Note: Despite this bias, the calibration curve shows prediction markets are actually quite efficient and accurate, except for slight deviations in the tails (extremely low or high prices). The tight alignment between implied and actual probabilities confirms that prediction markets are well-calibrated price discovery mechanisms.
The existence of Longshot Bias raises a question unique to zero-sum markets: if some traders systematically overpay, who captures the surplus value?
Wealth Transfer from Makers to Takers
Decomposing Returns by Role Market microstructure defines two groups based on how participants interact with the order book. Makers provide liquidity by placing limit orders that rest on the book. Takers consume liquidity by executing against existing orders. Decomposing total returns by role reveals a stark asymmetry:


This divergence is most pronounced in the tails. For 1-cent contracts, Takers have a win rate of only 0.43% (implied probability 1%), corresponding to a -57% mispricing. Makers on the same contract have a 1.57% win rate, with a +57% mispricing.
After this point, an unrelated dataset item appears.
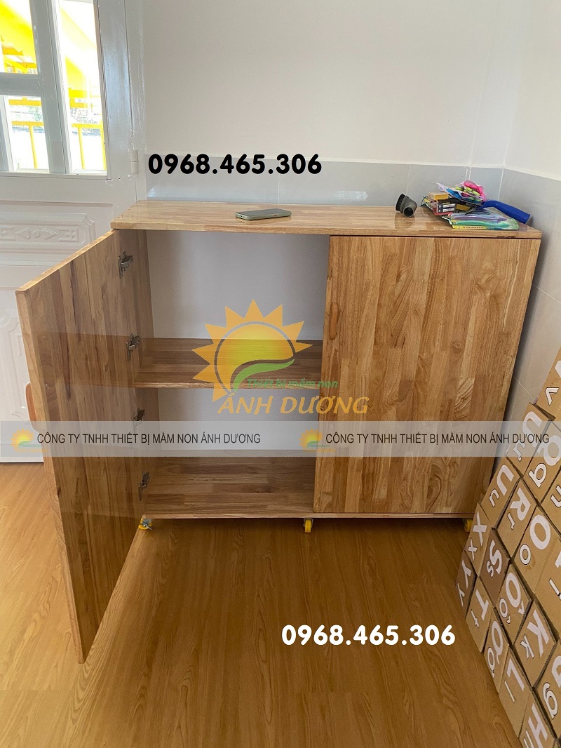 Giá kệ để đồ gỗ mầm non 3 tầng được sản xuất từ chất liệu gỗ tự nhiên gỗ cao su đảm bảo chất lượng cao, an toàn khi tiếp xúc, sử dụng.

At 50 cents, mispricing compresses; Takers show -2.65%, Makers show +2.66%. In 80 out of 99 price levels, Takers exhibit negative excess returns, while Makers exhibit positive returns in the same 80 levels.
The market's overall mispricing is concentrated in specific populations: Takers bear the losses, Makers capture the gains.
Is This Just Spread Compensation?
A plausible objection is: Makers earn the bid-ask spread as compensation for providing liquidity. Their positive returns might simply reflect spread capture, not exploiting biased order flow.
While plausible, two observations suggest otherwise. First, Maker returns depend on the direction they take. If profits were purely spread-based, it shouldn't matter whether a Maker buys YES or NO.
We test this by decomposing Maker performance by position direction:

Makers buying NO outperform those buying YES 59% of the time.
Weighted excess return for Makers buying YES is +0.77%, while for those buying NO it's +1.25%. The difference is 0.47 percentage points. This effect, though minuscule (Cohen's d = 0.02-0.03), is stable.
At minimum, this indicates spread capture is not the full story.
Variation Across Market Categories
If uninformed, irrational demand drives the bias, categories attracting less sophisticated participants should show larger gaps. The data is striking: Finance shows only a 0.17 percentage point gap; the market is remarkably efficient.
At the other end, World Events and Media show gaps exceeding 7 percentage points. Sports, the largest category by volume, exhibits a modest 2.23 percentage point gap. Given $6.1 billion in Taker volume, even this modest gap generates massive wealth transfer.
Why is Finance so efficient? A likely explanation is participant screening; financial questions attract traders who think in probabilities and expected value, not fans betting on their home team. The questions themselves are dry (e.g., "Will the S&P close above 6000?"), filtering out emotional bettors.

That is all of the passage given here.